The pandemic and the need for remote work elevated the need for centralized coordination of new product introduction. Centralizing work and control was a means to implement visibility instead of relying on multiple teams across business units and regions. Cloud computing evolved as the natural fit for centralized teams to operate this process: The Infosys Cloud Radar study reported new product introduction as one of the most popular cloud use cases, followed only by visibility into shop-floor quality.

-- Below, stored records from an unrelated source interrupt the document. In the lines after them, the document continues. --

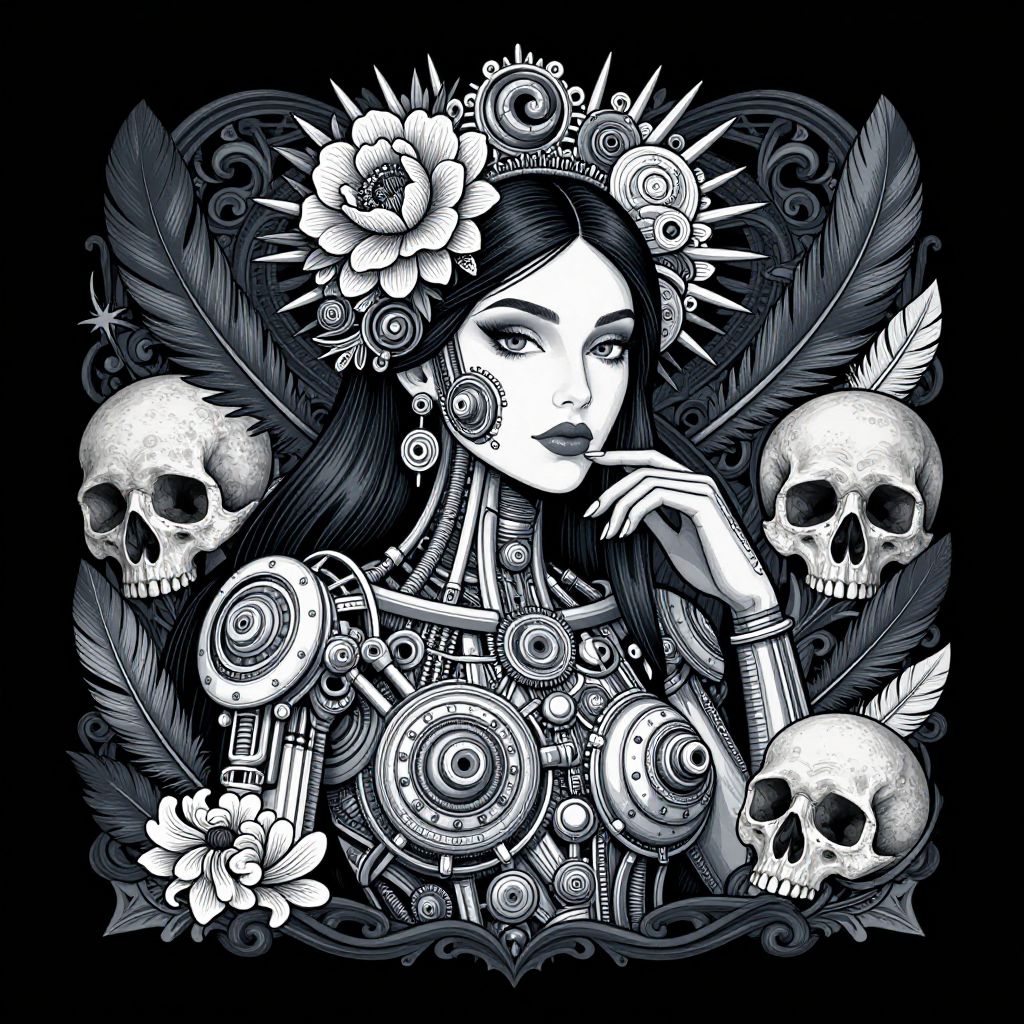 Black-and-white digital drawing of a woman with intricate mechanical armor, surrounded by skulls, feathers, flowers, and clockwork gears.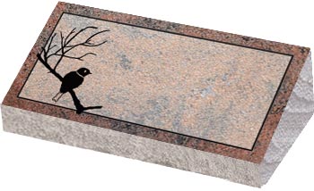 Granite Bevel Markers lay flat to the ground with a polished face on the top and rock pitched edges.They have a slanted face with the back edge raised higher than the front to give a small upright appearance.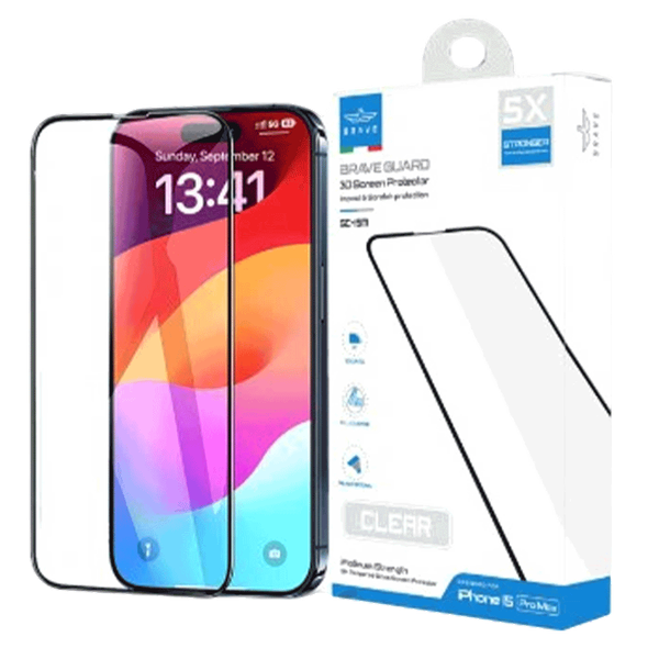 حامي شاشة Brave لهاتف iPhone 15 Pro Max شفاف يقدم حماية شفافة كاملة من الحافة للحافة مقاومة للخدش وبصمات الأصابع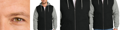 - 8.8-ounce, 70/30 cotton/polyester fleece hood and sleeves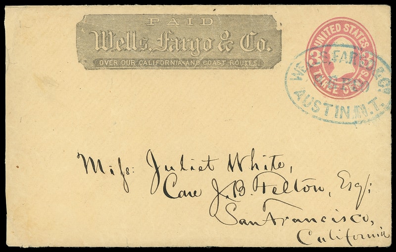 Wells, Fargo & Co., Austin N.T., Sep 10 (Nevada Territory), clear blue oval cancels 3¢ pink (U59) buff entire with printed "Wells, Fargo & Co." frank to San Francisco Cal.; reduced at left with tiny tear, otherwise Very Fine.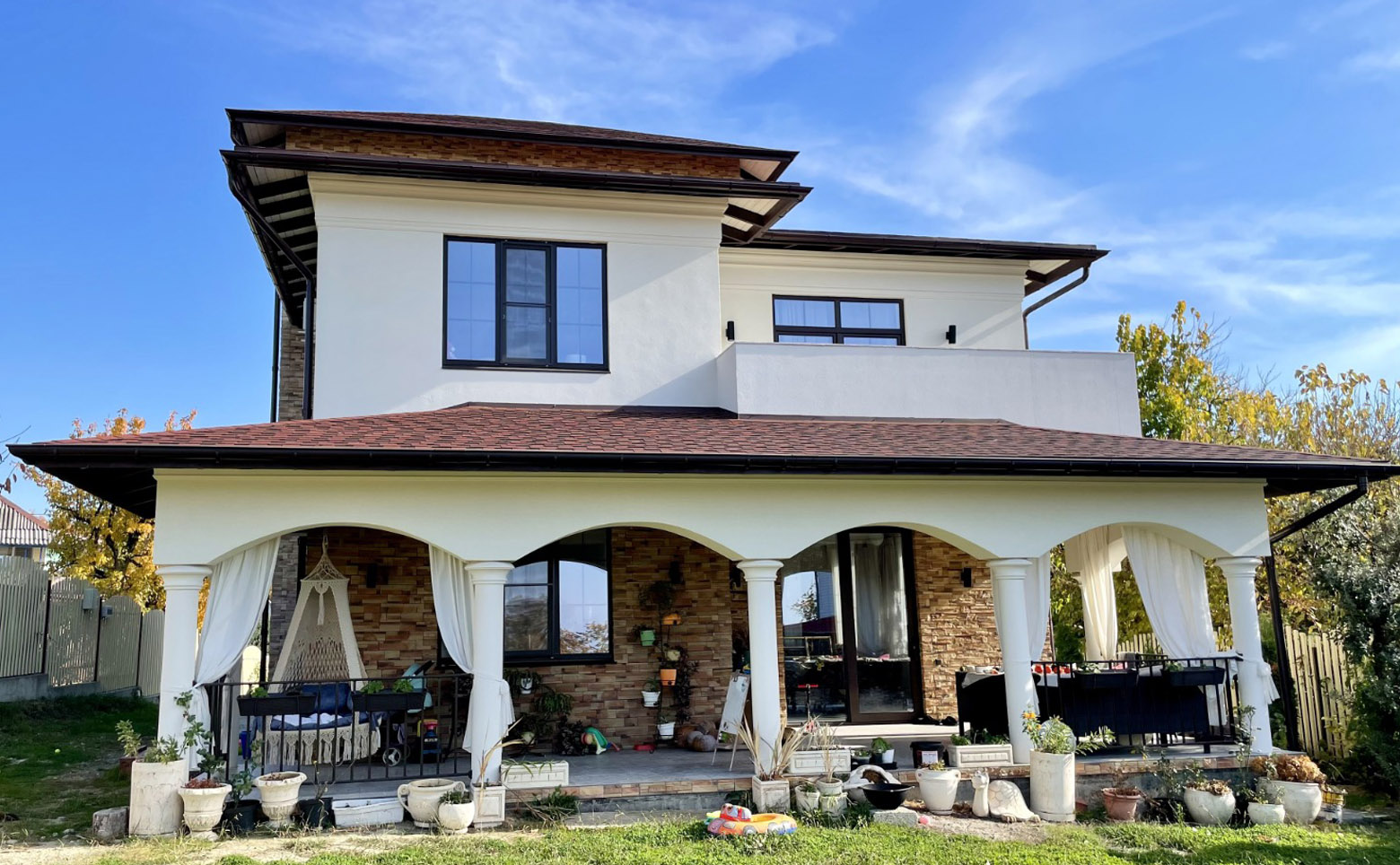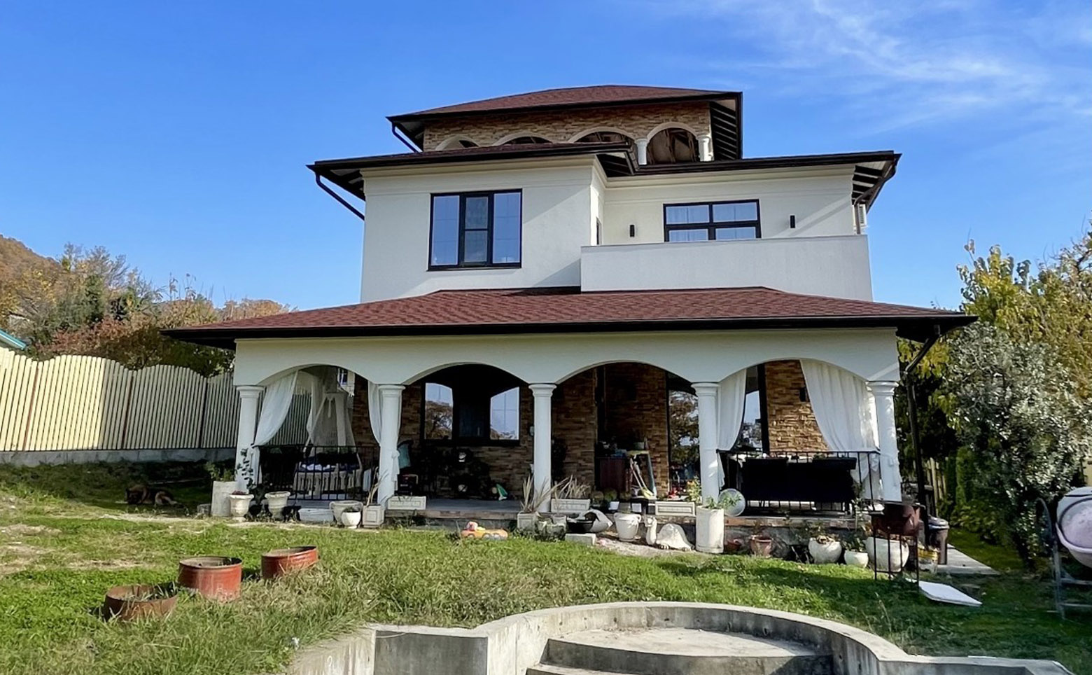 Проект представлен участком площадью 15 соток с готовым домом высотой 3 этажа. Земля имеет вид разрешенного использования земли ИЖС, предусмотрена возможность оформления постоянной регистрации. Дом возведен по монолитной технологии с использованием комбинированных материалов в отделке фасадов.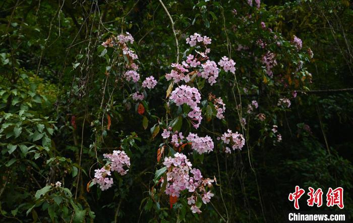 因氣候濕潤,森林里的樹上長滿了藤蔓植物、蕨類植物、苔蘚。在這里,植物從空間上獲得了最大密度的生長。開滿粉色花朵的植物從樹上倒掛而下,科考人員一眼辨認(rèn)出是大花水東哥,奈何正是花期無法采集種子。

The following recommendations can help automotive leaders address software and related integration challenges and improve visibility:

• Consolidate software development performed by multiple teams to one central repository to eliminate black holes, blind spots, and delays.
• Implement real-time status indicators and reporting dashboards.
• Align software delivery project plans with vehicle launch timelines.
• Adopt AI with humans-in-the-loop for exception handling and automated record-keeping and traceability.
• Minimize code fragmentation in development processes to enhance their integration.
• Enhance end-to-end visibility to assist decision-making.

By implementing these recommendations, automotive manufacturers can simultaneously streamline their manufacturing and software operations. These efforts enable OEMs over time to be agile, move faster at scale, mitigate risks, and increase the potential for the timely release of new products for revenue generation. OEMs should extend visibility from the physical shop floor to include updates from virtual software development happening in the offices above.